(Data entries)
....

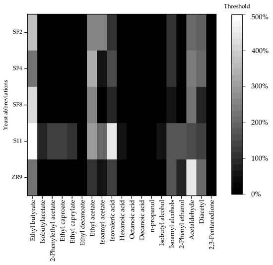 Heat map of volatile compounds in final beers produced by the yeast strains S. fibuligera SF2, SF4, SF8, S. pombe S11 and Z. rouxii ZR9 during fermentation of brewer’s wort at 27 °C and detected by headspace gas chromatography measurement. The 100% value represents the threshold of volatile compounds in beer, which is based on relative values from Meilgaard and Sannino et al. [29,31].
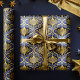 Se você está se perguntando que combinações de cores escolher para sua decoração de Natal e presentes este ano, eu criei coleções de padrões coordenadores para tornar a vida um pouco mais fácil. Essa elegante design geométrica, no estilo barroco ornamentado, é mostrada aqui em uma paleta de cores azuis e douradas marcantes. Procure ID1009 para ver outros produtos e padrões neste esquema de cores.
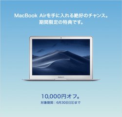 ビックカメラは、MacBook Airを1万円オフで購入できるキャンペーンをオンラインサイトのビックカメラ.comで6月30日23時59分まで実施している。
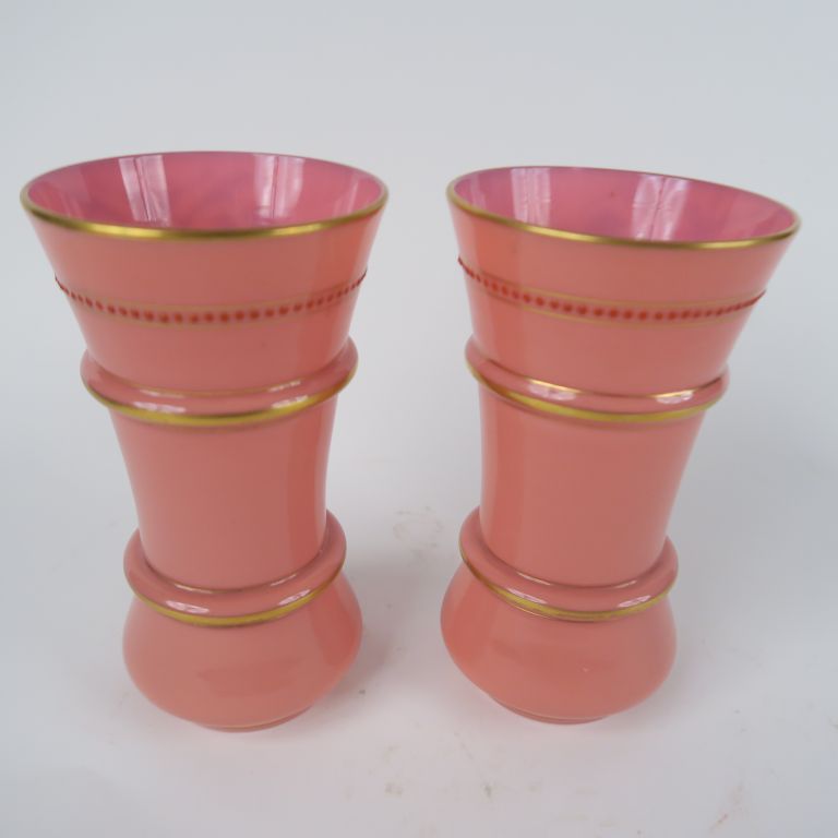 Paire de vases cornet en opaline rose à décor émaillé et doré de frises de perles et de rinceaux. H. 20 cm.
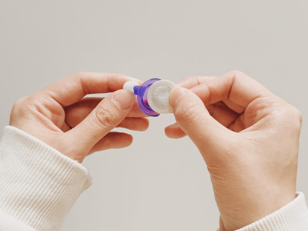 使い方は、自分に合うイヤーピースを本体にセットし、発熱体を押し込むだけ。
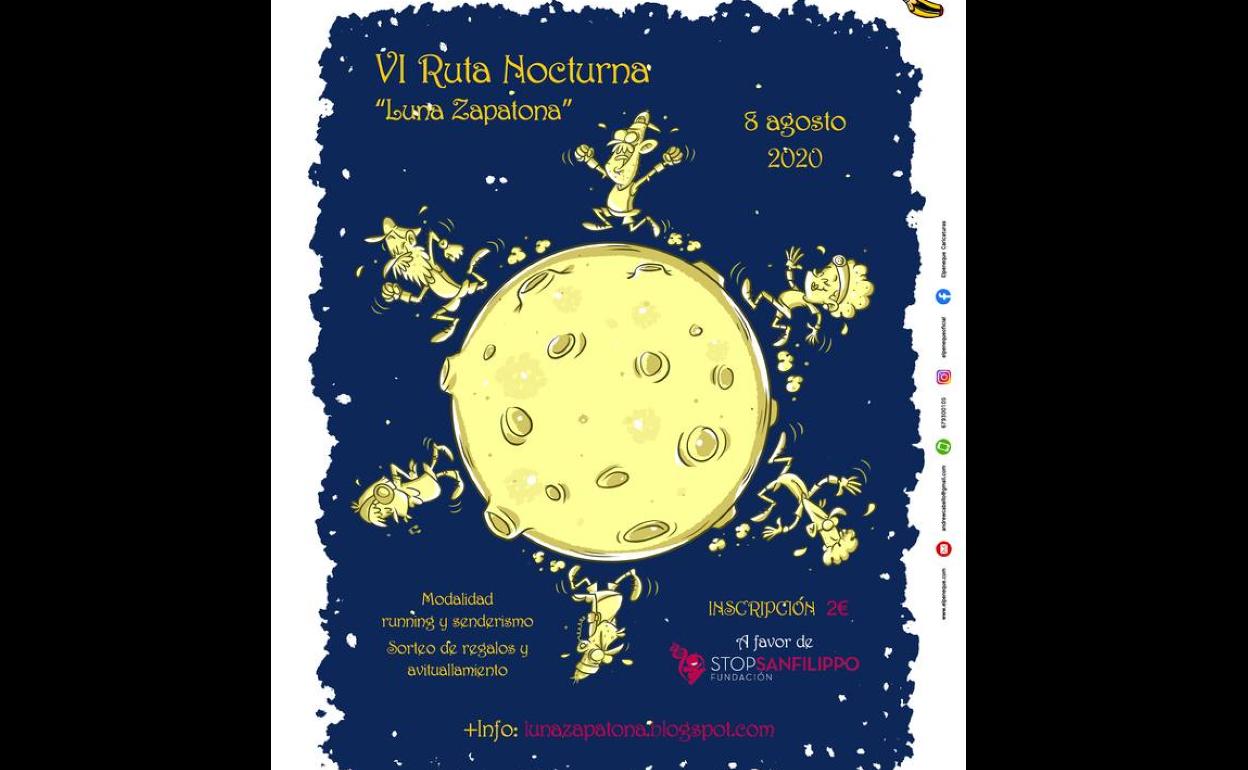 En esta ocasión será a beneficio de la fundación Stop Sanfilippo, una fundación que ayuda a la investigación y a las familias de los niños con la enfermedad de Sanfilippo, considerada también el alzhéimer infantil. La información está detallada en el blog de la prueba https://lunazapatona.blogspot.com/

....

_Description of the task:_
Set down exactly the lines above, from the line containing "ビックカメラは、MacBoo" through the line containing "使い方は、自分に合うイヤーピースを本体にセットし、発熱体を押し込むだけ。". Skip the pictures.

_Exercise answer:_
 ビックカメラは、MacBook Airを1万円オフで購入できるキャンペーンをオンラインサイトのビックカメラ.comで6月30日23時59分まで実施している。
 Paire de vases cornet en opaline rose à décor émaillé et doré de frises de perles et de rinceaux. H. 20 cm.
 使い方は、自分に合うイヤーピースを本体にセットし、発熱体を押し込むだけ。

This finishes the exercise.